# Anyone tried Dae's UltraFire 3W 2XAA Flashlight?



## Mr_Light (Apr 25, 2006)

I haven't been able to find any posts on this. Looks pretty nice. Anyone tried one?

UltraFire 3W 2XAA Flashlight $19.49 shipped
http://www.qualitychinagoods.com/ultrafirereg-2xaa-flashlight-p-433.html


----------



## stjohnh (Apr 25, 2006)

I've wondered about it also. But it looks so LONG..... I think of 2xAA as being a pocket light-- this is 155mm.

Holland


----------



## Mr_Light (Apr 25, 2006)

For reference a AA MiniMag is 146mm. 155mm doesn't seem excessive.


----------



## nerdgineer (Apr 25, 2006)

I think it's very similar or the same as this light which was sold by Emilion.


----------



## Melchior (Apr 25, 2006)

I love to see: Runtime, Beamshots, switch type (reverse/standard/twist or lockout?).

3Watts on 2 AA's does not sound like it would last long, about 2 Hours I think... Also there is NO way its a real Luxeon. (perhaps a reject Lux at best...mabey)

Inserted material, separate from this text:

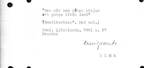 //// ! "Men när som båten börjar //// att gunga ifrån land" //// fAmerikavisan". Med mel.) //// Sdml. Björnlunda, 7481 s. 87 //// Dencker //// * //// U L M A ////

But for $20 US shipped...:wow:

Someone get a review on this.


----------



## WNG (Apr 26, 2006)

hmmm, this looks like the body of the Aurora/River Rock 1.5W Nichia.
Not the same as the Emilion 3W 2AA.


----------



## Handlobraesing (Apr 26, 2006)

A true 3 watt (defined: regulated three watt of electrical power to the LED) would last about 90 minutes on 2AA using.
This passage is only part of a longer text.